Supported GPU Families
| Vendor | Platform | Interconnect | Isolation Model |
|---|---|---|---|
| NVIDIA | H100 PCIe, A100 PCIe | PCIe | IOMMU passthrough |
| NVIDIA | HGX H100, HGX H200, HGX B200 | NVLink + NVSwitch | IOMMU + NVLink Secure Partition |
| NVIDIA | GB200 NVL72 | NVLink + NVSwitch | IOMMU + NVLink Secure Partition |
| NVIDIA | GH200 | NVLink + NVSwitch | IOMMU + NVLink Secure Partition |
| AMD | Instinct MI300X | PCIe | In progress |
GPU Post-Provisioning
After the OS is deployed, Bridge's post-provisioning controller installs the GPU software stack on each server:
| Component | Purpose |
|---|---|
| CUDA libraries | Enable GPU compute workloads on NVIDIA hardware |
| MOFED (Mellanox OFED) | Enable RDMA networking for GPU Direct RDMA |
| GPU kernel modules | Load NVIDIA or AMD GPU drivers and kernel extensions |
| DCGM (Data Center GPU Manager) | GPU health metrics collection and fault detection |
| OTEL agent | Export GPU metrics to Bridge observability pipeline |
Post-provisioning runs automatically after OS installation and completes before the server is made available for tenant allocation.
GPU Resource Models
Bridge supports three GPU resource allocation models depending on the deployment type:
Full GPU Passthrough
The default model for bare metal and VM deployments. Each GPU is assigned exclusively to a single tenant via PCIe device passthrough (IOMMU). This provides maximum performance and full hardware isolation.

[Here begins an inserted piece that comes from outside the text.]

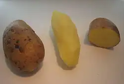 The almond potato (Norwegian: Mandelpotet,[1] Swedish: Mandelpotatis,[2] Finnish: puikulaperuna[3]), also called Mandel potato or Swedish peanut fingerling,[4][5][6] is a potato known since the 19th century.[7][8] Almond potatoes are yellow or white; in rare cases a variety called blue almond (Blå mandel in Swedish) can be found which has yellow-white flesh with blue skin. Its shape is oval and somewhat resembles an almond, hence the name. Blue almond is an old variety which was grown in the northern regions of Sweden before the yellow-peeled almond potato was introduced.[9]

For HGX systems, Bridge additionally configures an NVLink Secure Partition, ensuring that full NVLink bandwidth is available within the tenant's GPU group while cross-tenant NVLink traffic is blocked at the hardware level.
MIG Partitioning
On NVIDIA A100 and H100 GPUs, Bridge can prepare servers for Multi-Instance GPU (MIG) partitioning. MIG divides a single GPU into up to seven isolated instances, each with dedicated compute units, L2 cache, and memory bandwidth. Bridge configures MIG instances as part of the compute allocation flow, with the Kubernetes device plugin managing instance-level scheduling.
vGPU (Time-Sliced)
Bridge supports vGPU deployments using NVIDIA's licensed vGPU stack. vGPU enables multiple VMs to share a single physical GPU through time-sliced scheduling. This model requires NVIDIA vGPU software licenses and is configured during VM provisioning.
For the highest quality of service, MIG-backed vGPU combines hardware spatial partitioning (MIG) with temporal partitioning (vGPU), providing guaranteed isolation between tenant slices.
GPU Observability
Bridge collects GPU health and performance metrics using DCGM, and forwards them via OTEL to the Bridge monitoring pipeline. Metrics are visible on the Bridge admin dashboard and can be used for capacity planning, fault detection, and tenant billing.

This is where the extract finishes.